Bruce Barnes

No. 3
- Position: Punter

Personal information
- Born: June 21, 1951 (age 75) Coshocton, Ohio, U.S.
- Listed height: 5 ft 11 in (1.80 m)
- Listed weight: 215 lb (98 kg)

Career information
- High school: Sanger Union (Sanger, California)
- College: UCLA
- NFL draft: 1973: 12th round, 290th overall pick

Career history
- New England Patriots (1973–1974);

Awards and highlights
- First-team All-Pac-8 (1972);

Career NFL statistics
- Punts: 100
- Punting yards: 3,738
- Stats at Pro Football Reference

= Bruce Barnes (American football) =

American football player (born 1951)

Bruce Barnes (born June 21, 1951) is a former punter in the National Football League (NFL).

==College career==
Barnes was the primary punter for UCLA Bruins for three seasons.

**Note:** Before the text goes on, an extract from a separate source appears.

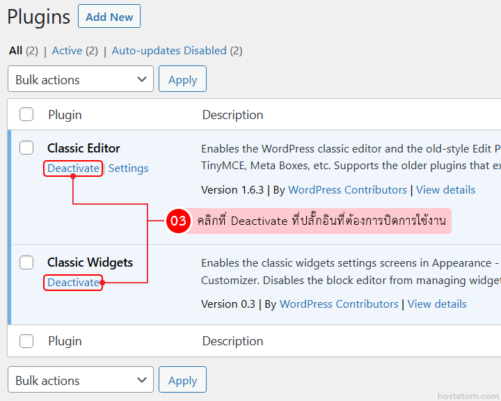 คลิกที่ Deactivate ที่ปลั๊กอินที่ต้องการปิดการใช้งาน

He led the Pacific-8 in punting all three years and was named All-Pacific-8 as a senior.

==Professional career==
Barnes was selected in the 12th round (290th overall) of the 1973 NFL draft by the New England Patriots. As a rookie, Barnes punted 55 times for 2,134 yards (38.8 average). Barnes served as the Patriots' punter for the first nine games of the 1974 season before he was waived in November.

==Personal life==
Barnes is the father of professional golfer Ricky Barnes.